Implementation of Programming Languages

Binding refers to finding certain attributes of certain objects. There are 6 steps involved here:

  1. Conceptualization
  2. Coding
  3. Compiling
  4. Linking - Obtain addresses of external functions, data
  5. Loading - Actual addresses of code and data
  6. Execution - Variable values, user inputs are obtained. There are no unbound objects at execution stage

We are concerned with the “binding time” taken between the coding and compiling stages.

Implementation Mechanisms

There are two methods;

  1. Translator which translates the source program into a target program, after which the machine executes the target program. Two distinct steps are present here, translation and execution. Inputs are taken at execution and not needed at translation.

  2. Interpreter is a program which takes both source program and input data to execute the code.

Note that the source program is never executed directly on the machine in either case. This is because there is a “gap” between the “levels” between the source program and execution. That is, the source code is high-level but the machine operates on low-level.

Level State Operations
High Level Variable values Expressions, control flow
Low Level Register values Machine Instructions
  • Translator reduces the level of specification to execution level.

  • Interpreter raises execution level to specification level. The program (interpreter) executes the code, not the system.

  Translation Interpretation
  Analysis + Synthesis Analysis + Execution
  Bindings before runtime Bindings at runtime
Turn around time compilation + execution analysis + execution

The turnaround time for interpreters is faster, but compilation needs to be done only once for multiple executions, saving time.

Language Method
C, C++ Compilation (Backend)
Java, C#, Python Interpretation + JIT Compilation (Virtual Machine)

JIT (Just In Time) Compilation is where a repeated part of the byte code is compiled by the virtual machine for faster execution. Do note that this is done in runtime.

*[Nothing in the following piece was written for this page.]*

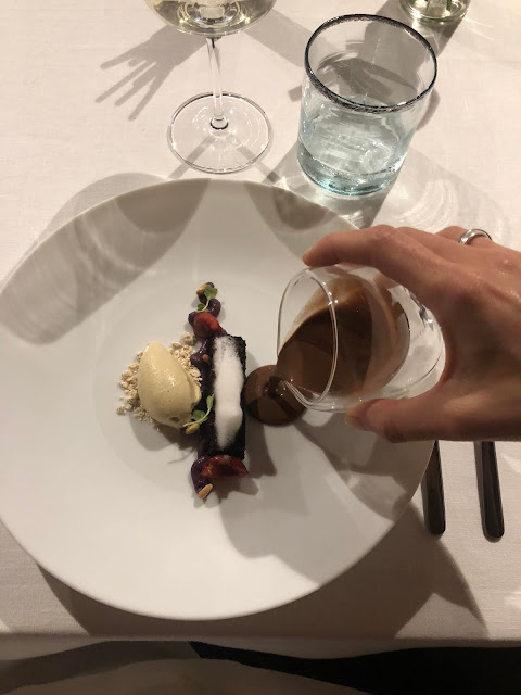 Por la noche, ¡plato fuerte! Cena en Bala Roja de la mano del estrella Michelín Andreu Genestra y maridada de los dedos (madre mía como los maneja) de Andreu Genestar. No son hermanos ni nada que se les parezca más allá de lo que hacen, pero si, la posición de la "erre" les ha unido en este mundo.

Frontend - Language Backend - The machine ISA

$m \text{ frontends } + n\text{ backends } = m\times n \text{ compilers}$

 

Compiler Structure

Compilation overview

The first two steps in compilation are scanning and parsing. Parsing creates a “concrete Parse tree” with terminal and non-terminal nodes.

Abstract Syntax Tree

An abstract syntax tree (AST) is constructed by the semantic analyzer to ensure that there are no type errors.

The abstract syntax tree is then used to construct the TAC list (Three Address Code). TAC stores the intermediary variables. This linearizes the control flow by flattening the nested control constructs.

Compiled sample code

RTL List converts the instructions in the TAC list to the ISA. Addresses are still unknown at this stage. RTL List is converted to the Assembly Code wherin proper assembly language with register addresses and offsets using ISA.